SLC22A6-dependent lactylation of H3K9 aggravates endothelial dysfunction and atherosclerosis

Background: Atherosclerosis, a leading cause of cardiovascular morbidity and mortality, is driven by endothelial dysfunction. While metabolic reprogramming toward glycolysis in endothelial cells exacerbates disease progression, the role of lactate-derived lactylation in atherogenesis remains poorly understood.

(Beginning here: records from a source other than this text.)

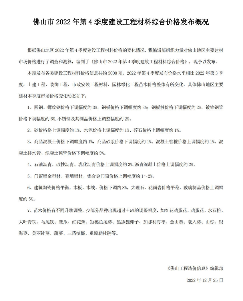 佛山市2022年第4季度建設(shè)工程材料綜合價格發(fā)布概況
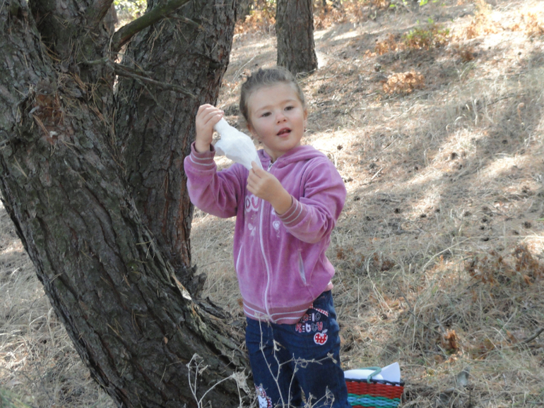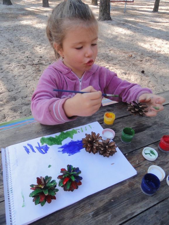 Еще в этот день красили шишки, но Катю это не сильно увлекло.
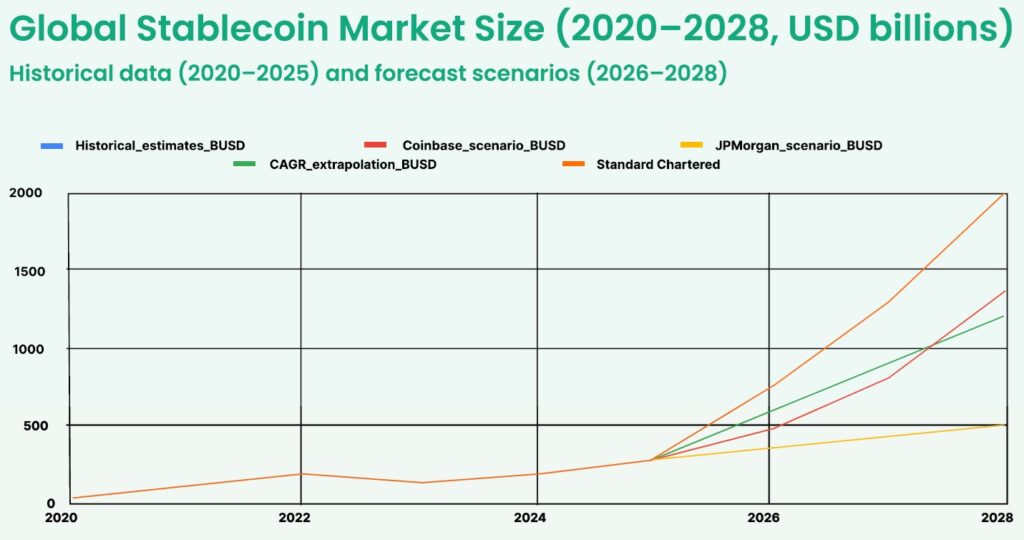 Alongside the rise of CBDCs, stablecoins are transitioning from speculative assets to regulated financial instruments. The market—valued at $246 billion today—is forecast to exceed $2 trillion by 2028.
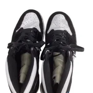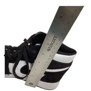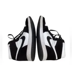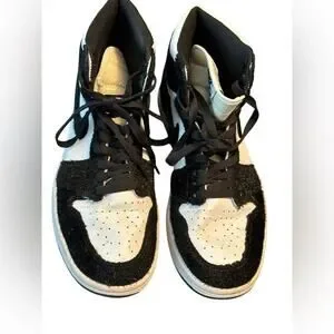 Experience the perfect blend of style and comfort with these Nike sneakers. Featuring a striking black and white color scheme, these high-top shoes boast a classic basketball silhouette. The glittery white accents add a touch of flair, making them a standout choice for any casual occasion.
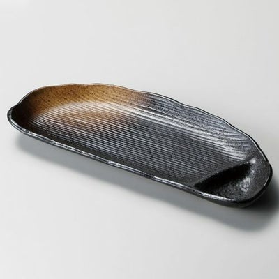 商品名:黒茶吹き半月仕切皿
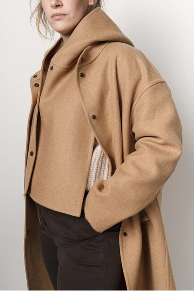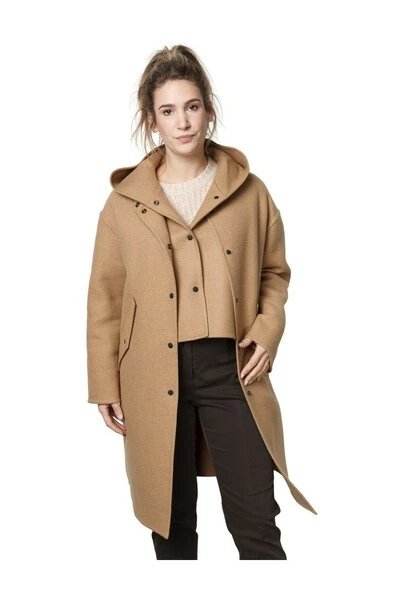 Deze knielange, ongevoerde mantel van Closed is uiterst vernieuwend. De rechte, ruimvallende jas komt met een afneembaar accessoire in de vorm van een schouderstuk met capuchon. Maar liefst 85% van de gebruikte wol is gerecycled! Materiaal: 100% wol Pasvorm: heeft een oversized pasvorm

Methods: We performed RNA-seq on aortic tissues from atherosclerotic mice to identify differentially expressed genes, along with Seahorse XF metabolic flux analysis. Endothelium-specific solute carrier family 22 member 6 (Slc22a6) knockout and AAV-delivered acyl-CoA synthetase short-chain family member 1 (Acss1) knockdown mice were established on an apoE^KO background. Integrated multi-omics (RNA-seq, CUT&Tag, metabolomics) elucidated downstream regulatory networks, and in vivo pharmacological inhibition validated key pathways.

Results: Our study reveals a marked elevation of histone H3 Lysine 9 Lactylation (H3K9la) relative to acetylation in atherosclerotic aortic tissue, potentially via SLC22A6-mediated glycolytic enhancement and lactate uptake. Additionally, endothelial-specific knockout of Slc22a6 attenuates H3K9la-driven endothelial dysfunction and atherosclerosis. Integrated RNA-seq and CUT&Tag analyses identify that upregulated ACSS1 and E1A binding protein p300 (EP300) drive H3K9la, which transcriptionally activates stearoyl-CoA desaturase 1 (SCD1), thereby exacerbating endothelial dysfunction. Pharmacological inhibition of H3K9la or SCD1 alleviates endothelial dysfunction and atherosclerosis in vitro and in vivo. We further establish the clinical relevance of lactate, SLC22A6, and ACSS1 in atherosclerosis.

Conclusions: Our findings unveil a metabolism-epigenetics-transcription regulatory axis in endothelial pathophysiology, thus providing novel therapeutic strategies for atherosclerosis by targeting the SLC22A6-dependent ACSS1-H3K9la-SCD1 pathway.

ACSS1; Atherosclerosis; Endothelial dysfunction; H3K9 lactylation; SCD1; SLC22A6.